Temple in Taichung, Taiwan

Dazhuang Haotian Temple (HTG) (大庄浩天宮 (Dàzhuāng Hàotiān Gōng)) is a temple located in Dazhuang, Wuqi District, Taichung, Taiwan. The temple is dedicated to the sea goddess Mazu.

== History ==
Haotian Temple was founded in 1738 by Hakka settlers in Chencuozhuang, a village north of the current site, where it was known as Mazu Temple (媽祖厝). In 1856, the temple was moved south to Dazhuang and renamed to Haotian Temple. A front hall was added in 1895, and the entire temple was renovated in 1936. In 1949, the military briefly occupied the temple and damaged the Qianliyan and Shunfeng'er statues. Between 1962 and 1977, a series of construction projects expanded the temple into its current form today.
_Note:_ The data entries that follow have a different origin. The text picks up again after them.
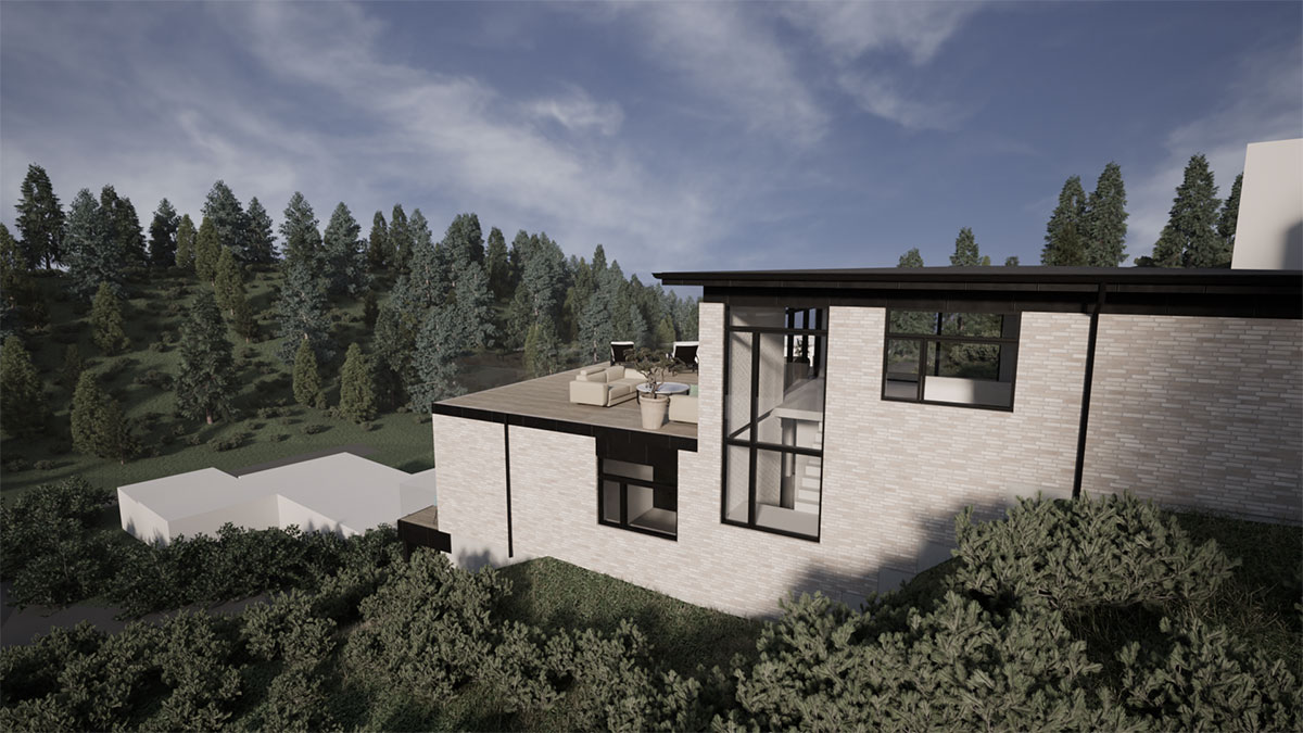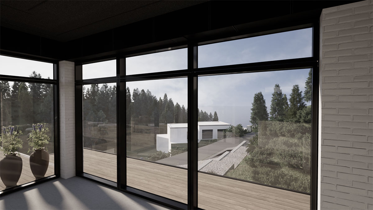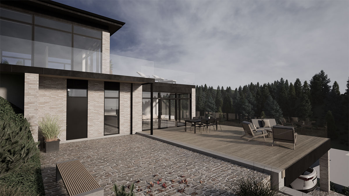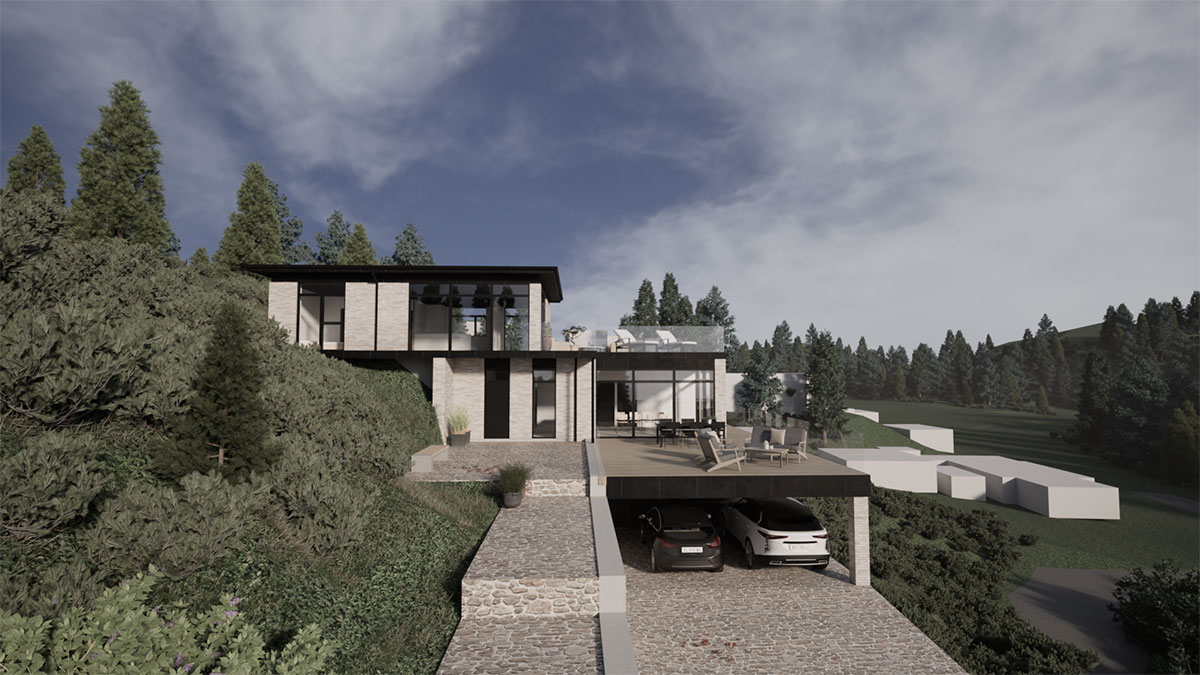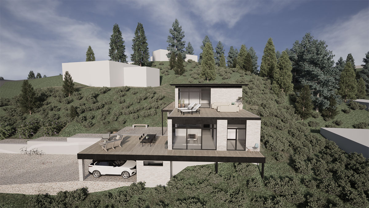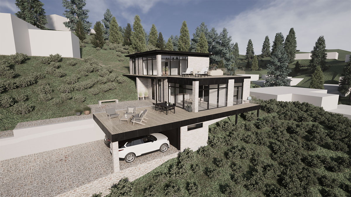 Arkitekttegnet villa i de skønneste naturomgivelser. Huset er lavet på en skråning, hvilket stiller ekstra krav til ingeniørens tværfaglige ekspertise.
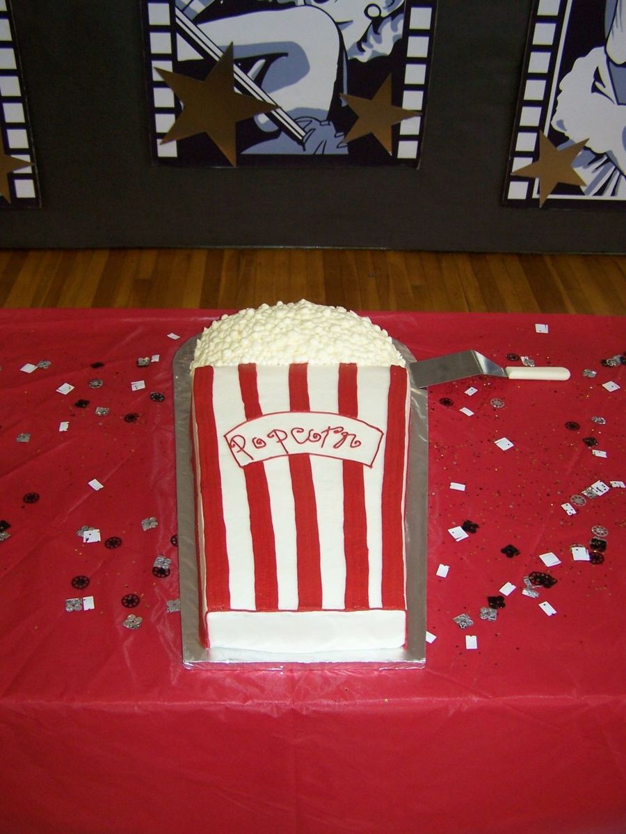 The theme for the 5th grade graduation was "Hollywood". This is one of three cakes they ordered. The cake is a 12 x 18. I trimmed the sides for the shape. The popcorn is buttercream (#9 tip at various sizes) with 4 layers of 1/2" foamcore under it. It's all decorated in buttercream.
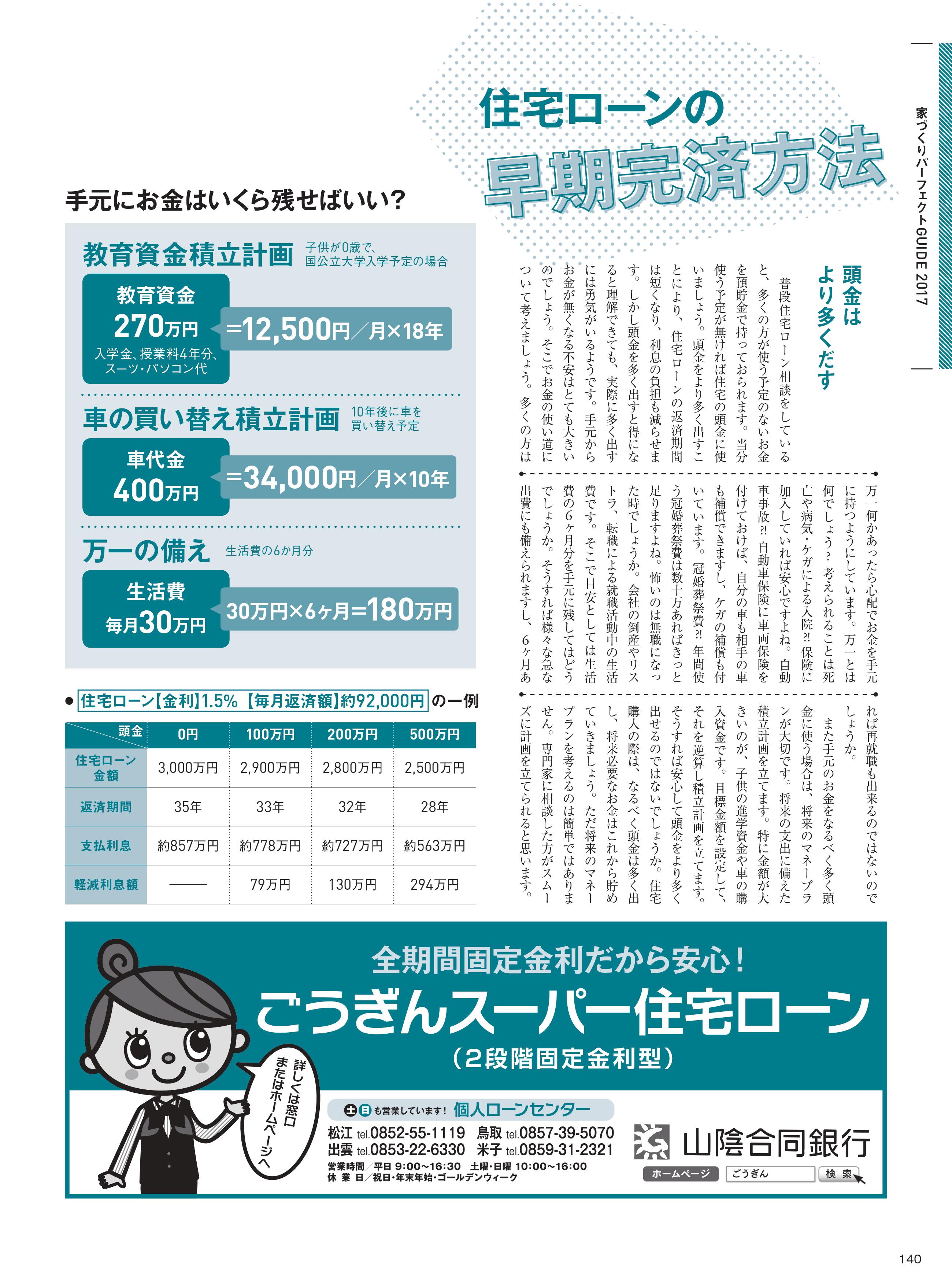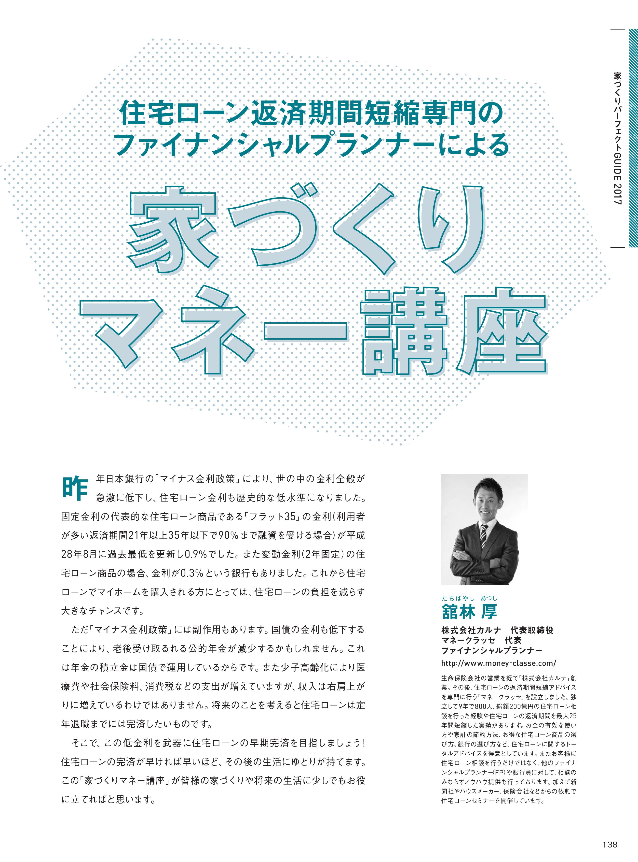 とっとり・しまねの家づくり(2017) 2017/08/16| Magazine 弊社代表の舘林が、鳥取県と島根県の住宅雑誌「とっとり・しまねの家づくり2017」の家づくりマネー講座を担当させていただきました。これから住宅ローンで新築を検討されている方はぜひ参考にしてください。

On 2 March 2010, the Taichung County Government designated Haotian Temple as a historic building. Then, on 14 December 2014, a groundbreaking ceremony was held to renovate the temple; as of June 2020, the process is still ongoing.

== Worship ==
Haotian Temple is in possession of seven Mazu statues. Out of these, the statue known as "Third Mazu" (三媽) is the original statue of the temple during its founding. It is currently located in the nearby Deshun Temple and is only brought back on special occasions. Every other year, "Third Mazu" is carried by worshippers on a pilgrimage to Chaotian Temple in Beigang, Yunlin entirely on foot. On the years without a pilgrimage, Haotian Temple holds a parade where Mazu tours the fifty-three villages in its territory.

Aside from being known as the "Dazhuang Mazu" (大庄媽), the Mazu worshipped in Haotian Temple is also nicknamed the "Water Diving Mazu" (潛水媽). According to legend, during a pilgrimage to Chaotian Temple in Beigang, ferrymen on the Zhuoshui River greedily raised their price. While members of the procession scrambled to get the money, Mazu appeared and lowered the river's water, allowing the procession to cross on foot, which led to the nickname.

== In popular culture ==
Haotian Temple was used as a filming location for the television series Lee's Family Reunion and the 2012 movie Din Tao: Leader of the Parade. Super Night Club, a variety show on SET Taiwan, has also visited the temple in an episode.